The system optimizes the motor cooling architecture, utilizing a combined oil and water cooling structure, which enhances the motor's power density to 4.4 kW/kg—a 21% improvement over the previous generation—and achieves a torque density of 2.6 N·m/kg, which is a 7% increase.

As the first powertrain to utilize Hyundai's new hybrid system, the dedicated 2.5T turbocharged hybrid engine achieves a breakthrough in efficiency through a restructured combustion system.

Hyundai has introduced a dual-mode switching technology featuring the "Miller Cycle + Overexpansion Cycle," delaying the intake valve closure under partial load conditions to lower the effective compression ratio (from 10.5:1 to 9.5:1) and reduce pumping losses. Under full load conditions, it maintains a high expansion ratio (12.0:1), enhancing conversion efficiency of fuel energy  by 8%.
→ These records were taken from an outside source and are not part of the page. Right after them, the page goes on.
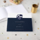 Capture treasured memories of your special day with this elegant, personaized coastal wedding guest book. Featuring a crisp graphic design of a dark navy blue palm tree, the rising sun over the ocean, and peaceful birds, all framed in a navy circle, this design is set against a chic navy and white stripes background. Perfect for a palm tree wedding, sea, tropical, beach wedding, or summer celebration, it showcases elegant real silver foil typography paired with a graceful calligraphy script font. A stylish and chic keepsake your guests will love signing, making it a beautiful reminder of your coastal wedding day.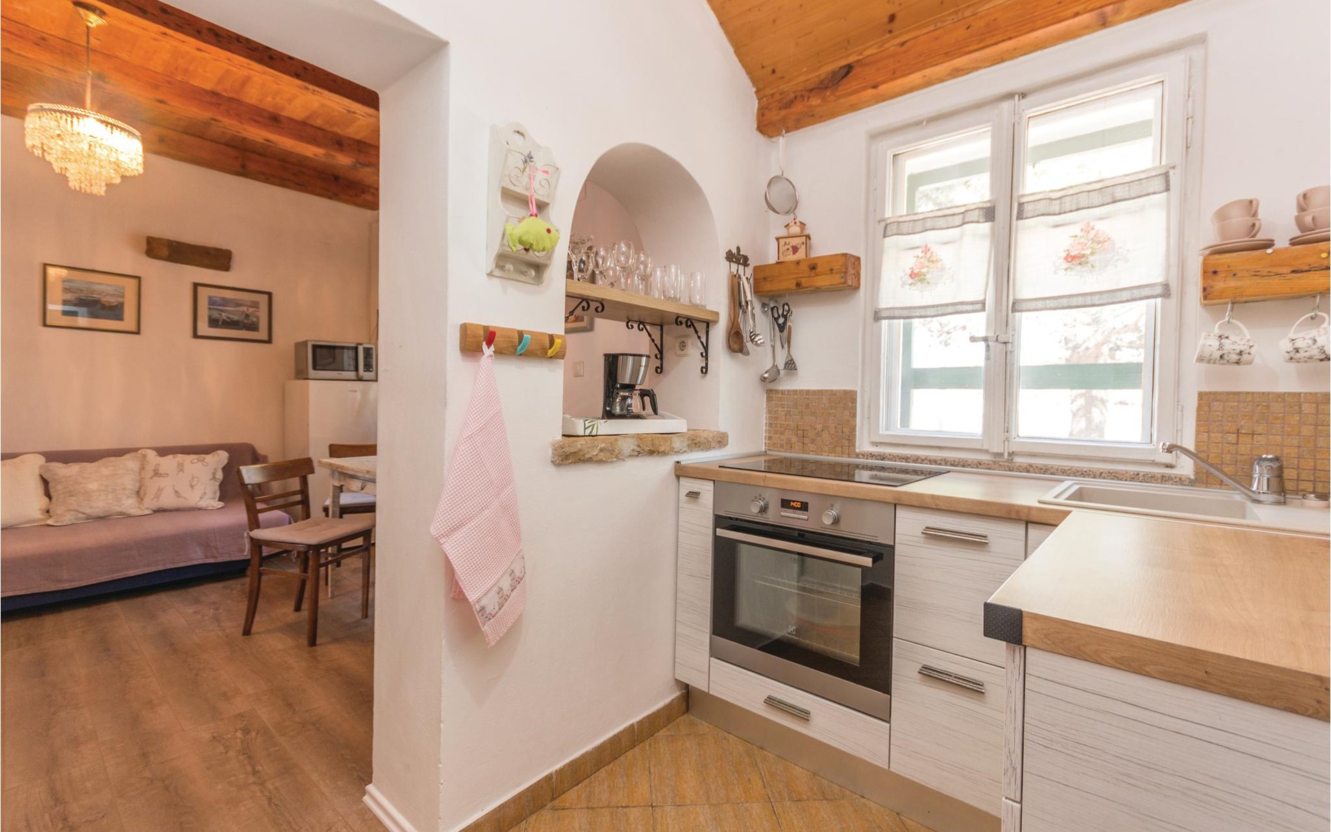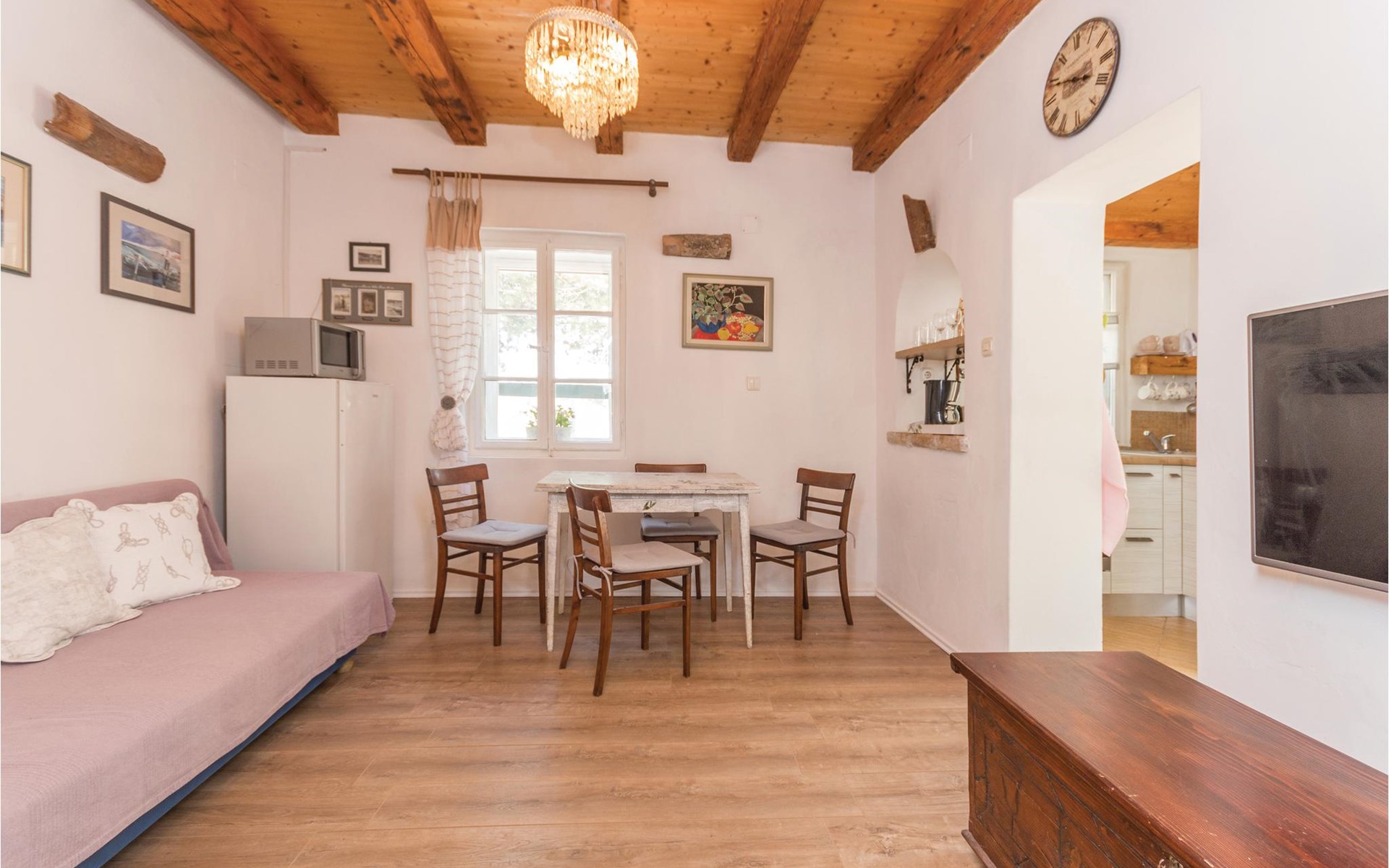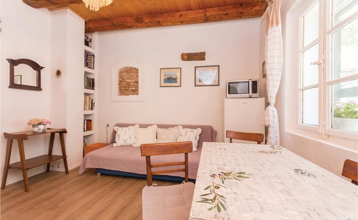 Hier woon je op een steenworp afstand van de zee. Geniet van het prachtige uitzicht op zee vanuit de grote tuin. Er is een buitenbarbecue achter in de tuin, evenals ligstoelen en schaduwrijke bomen. In het huis vind je een keuken, een eethoek en een woonkamer met directe toegang tot de slaapkamer. Alleen een gordijn scheidt deze kamer van de woonkamer. drelac is door een brug verbonden met het eiland Ugljen en het heldere water, de mooie stranden, interessante duik- en windsurfplekken, fietspaden en hardlooppaden maken deze bestemming zeer aantrekkelijk voor een zomervakantie.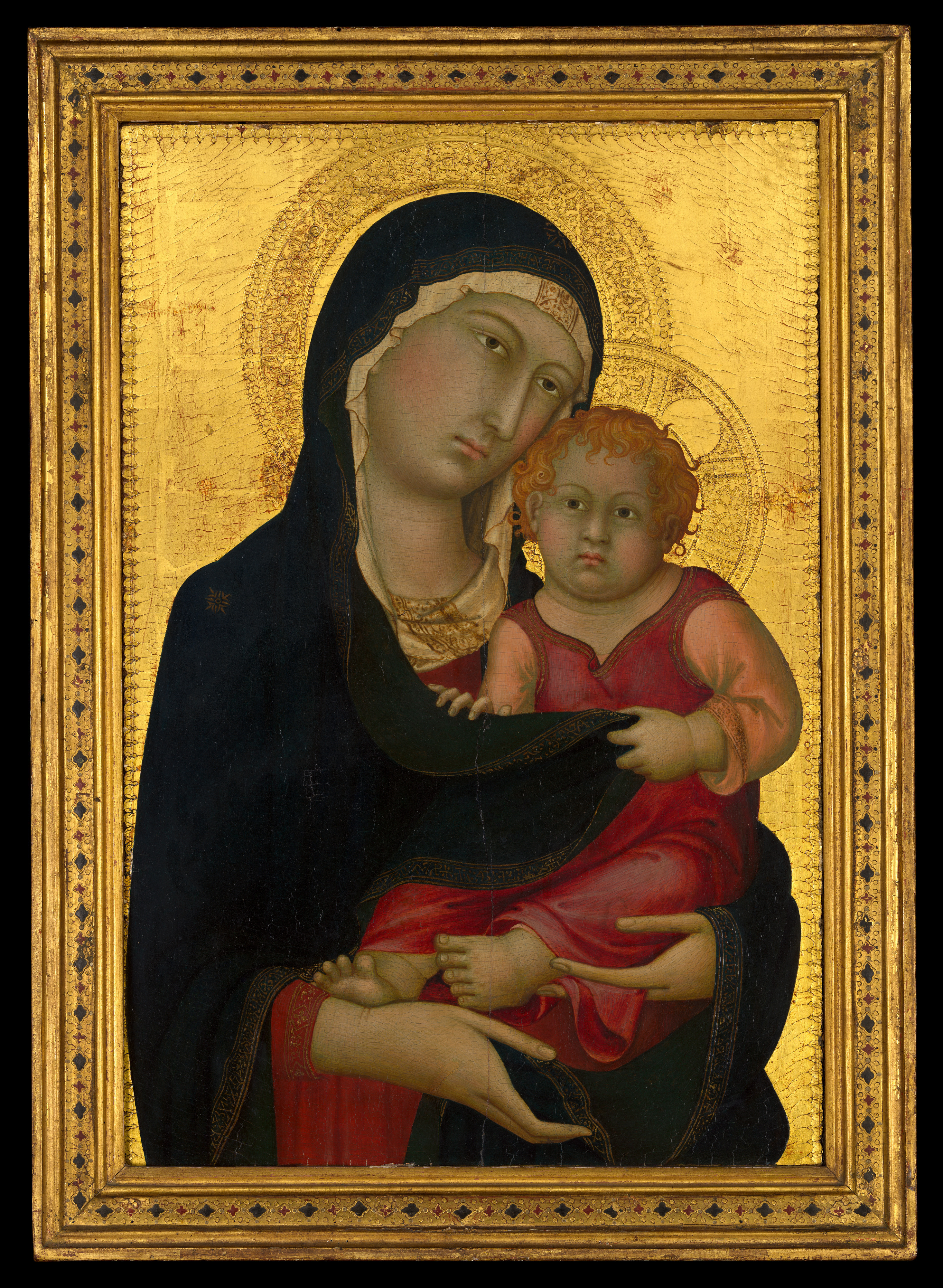 Simone Martini's masterpiece from 1326 shows the Virgin and Christ Child in an intimate embrace, their tender connection expressed through delicate foreshortening and the serpentine curve of Mary's mantle.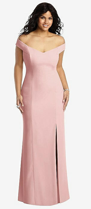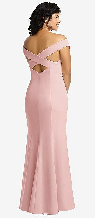 Off-the-Shoulder Criss Cross Back Trumpet Gown in rose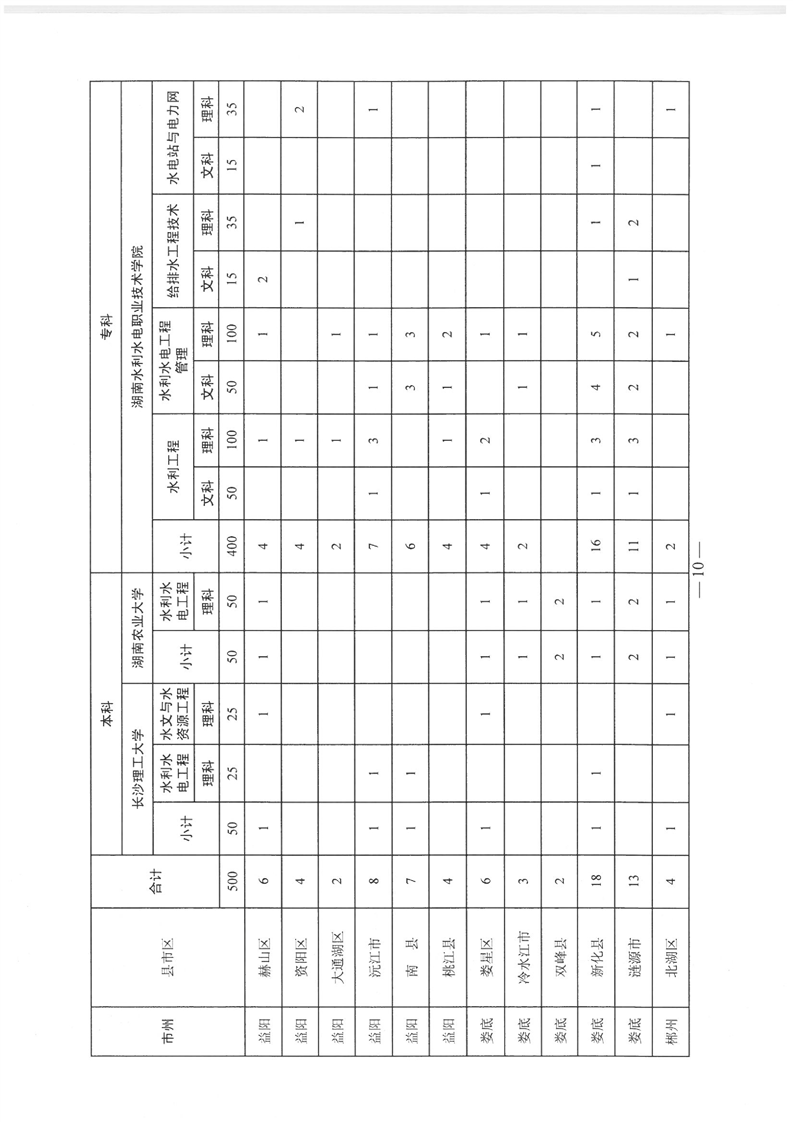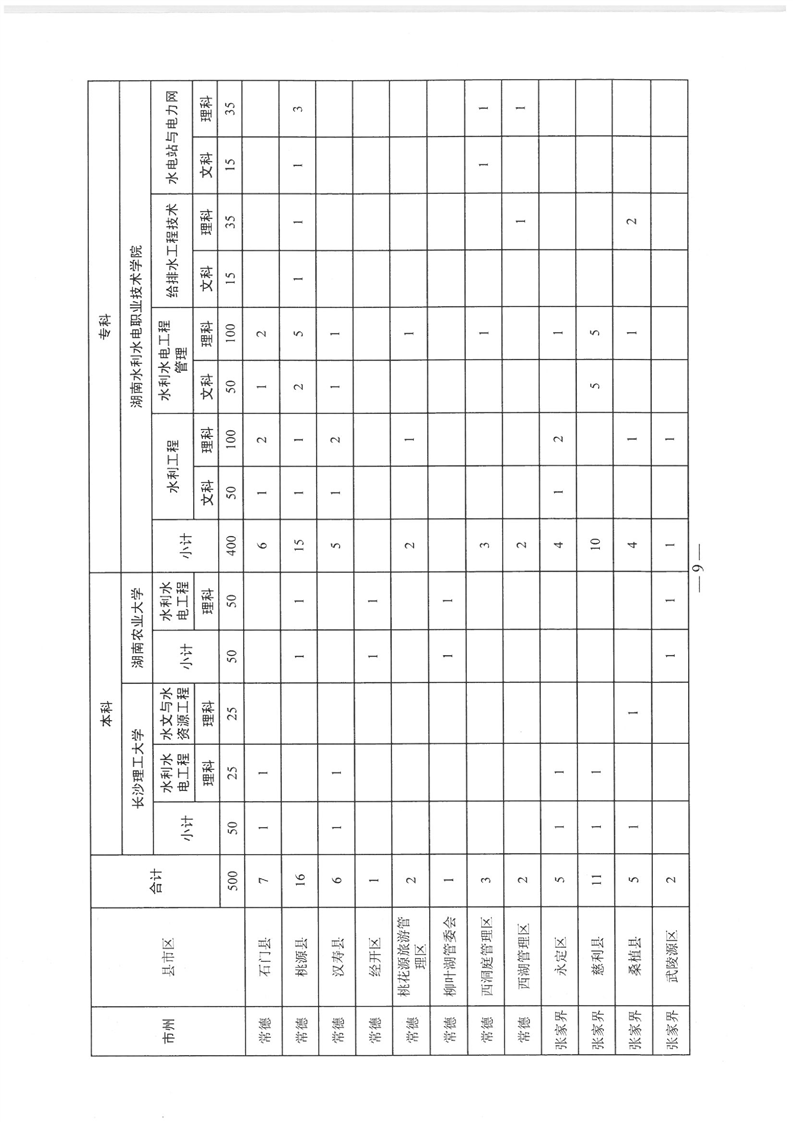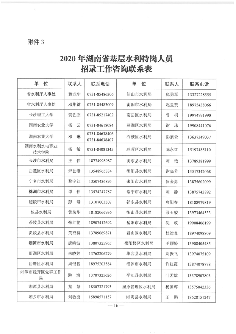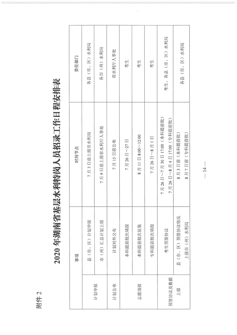 湖南省水利厅《关于下达2020年基层水利特岗人员定向培养计划的通知》

The engine employs a high-pressure direct injection system at 350 bar, coupled with a three-stage injection strategy (pre-injection + main injection + post-injection) and a concave piston design (with a 12% reduction in top surface curvature), allowing for stratified combustion of the air-fuel mixture, effectively minimizing the tendency for knocking and achieving a thermal efficiency surpassing 42%—5 percentage points higher than traditional turbocharged engines.

The tested data indicates that the hybrid-equipped Palisade model achieves an impressive combined fuel consumption of just 7.1 L/100 km (equivalent to 14.1 km/L), resulting in a remarkable 45% improvement in fuel efficiency compared to conventional gasoline vehicles of the same displacement. The system delivers a total output of 334 horsepower (246 kW) and peak torque of 460 N·m, marking enhancements of 19% in power and 9% in torque.

The hybrid system is designed with a modular development strategy, making it adaptable for various models. The first application will be in the Palisade hybrid version, set to be produced in April 2025. Additionally, the hybrid system will be gradually applied into models like the Hyundai Sonata, Kia K5, and the Tucson.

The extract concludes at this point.